[1447] That is, "who fancy bliss allotted to vice."
[1448] Lord Falkland was killed by a musket ball at the battle of Newbury, Sept. 20, 1643. Turenne was killed by a cannon ball, near Sassback, July 26, 1675. Sir Philip Sidney was mortally wounded by a bullet at Zutphen, Sept. 22, 1586, and died a few days afterwards. Sidney was 32 years of age at his death, Falkland 33, and Turenne 64.
[1449] The Hon. Robert Digby, who died, aged 40, April 19, 1726. Pope wrote his epitaph.
[1450] MS.:
Brave Sidney falls amid the martial strife,
Not that he's virtuous, but profuse of life.
Not virtue snatched Arbuthnot's hopeful bloom,
And sent thee, Craggs, untimely to the tomb.
Say not 'tis virtue, but too soft a frame,
That Walsh his race, and Scud'more ends her name.
Think not their virtues, more though heav'n ne'er gave,
Unites so many Digbys in a grave.
Fierce love, not virtue, Falkland, was thy doom,
Her grief, not virtue, nipped Louisa's bloom.
The Arbuthnot mentioned here was Charles, a clergyman, and son of the celebrated physician.
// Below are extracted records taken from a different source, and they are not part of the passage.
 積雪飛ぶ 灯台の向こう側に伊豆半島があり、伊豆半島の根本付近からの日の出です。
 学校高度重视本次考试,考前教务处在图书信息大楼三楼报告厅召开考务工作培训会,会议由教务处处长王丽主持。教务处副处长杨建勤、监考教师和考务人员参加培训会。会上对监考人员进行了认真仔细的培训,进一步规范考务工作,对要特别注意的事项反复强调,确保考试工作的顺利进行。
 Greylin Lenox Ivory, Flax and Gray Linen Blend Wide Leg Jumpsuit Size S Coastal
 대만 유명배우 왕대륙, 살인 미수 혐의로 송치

His death in 1732 was supposed to have been occasioned by the lingering effects of a wound he received in a duel he fought while at Oxford with a fellow-collegian, his rival in love. James Craggs died of the small-pox Feb. 14, 1721, aged 35. Virtue had certainly no share in his death, for he was licentious in private life, and in his public capacity accepted a bribe from the South Sea directors. Walsh died in 1708, at the age of 49. His virtue may be estimated by his confession that he had committed every folly in love, except matrimony. Lady Scudamore, widow of Sir James Scudamore, and daughter of the fourth Lord Digby, died of the small-pox, May 3, 1729, aged 44. She left only a daughter, who married, and hence Pope's expression, "Scud'more ends her name." The many Digbys united in one grave were the children of the fifth Lord, the father of the poet's friend, Robert. I do not know what is meant by the "fierce love" which was Falkland's "doom," nor can I identify the Louisa who died of grief.
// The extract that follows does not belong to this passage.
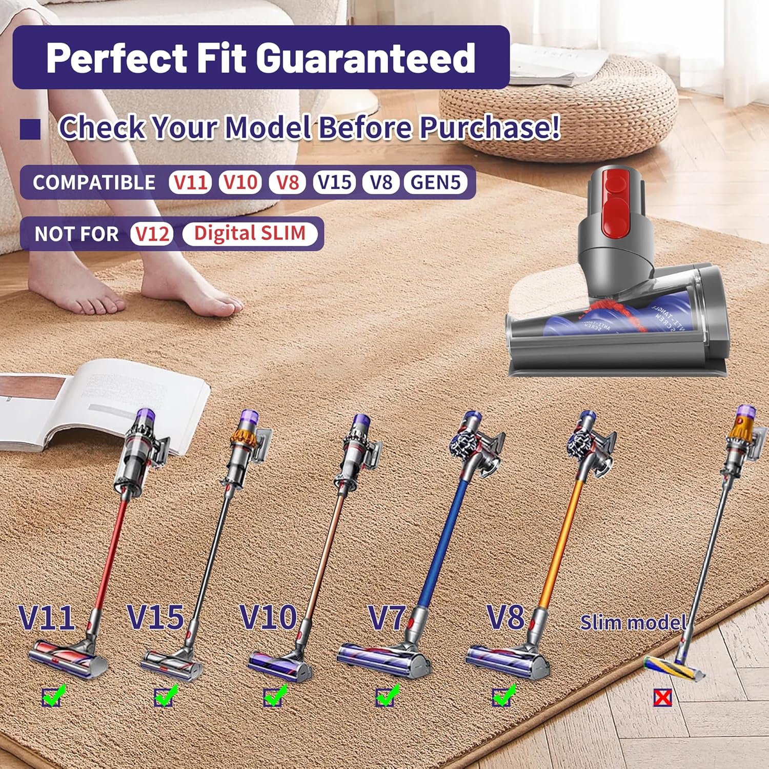 【Wide Compatibility – Dyson V7–V15 Models】- Fully compatible with Dyson V7, V8, V10, V11, and V15 cordless vacuums. Not suitable for Dyson V12 and Digital Slim versions. Please confirm your model before ordering.

[1451] William, fifth Lord Digby, was 74 when this fourth Epistle was published in 1734, and he lived to be 92. He died December 1752.
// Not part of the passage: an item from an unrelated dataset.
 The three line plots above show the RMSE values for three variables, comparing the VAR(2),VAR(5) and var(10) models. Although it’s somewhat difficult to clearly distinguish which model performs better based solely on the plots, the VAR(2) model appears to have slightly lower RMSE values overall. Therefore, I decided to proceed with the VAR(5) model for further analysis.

[1452] M. de Belsunce, was made bishop of Marseilles in 1709. In the plague of that city in 1720 he distinguished himself by his activity. He died at a very advanced age in 1755.—Warton.
[1453] Some anonymous verses in Dryden's Miscellanies, vi. p. 76:
When nature sickens, and with fainting breath
Struggles beneath the bitter pangs of death.—Wakefield.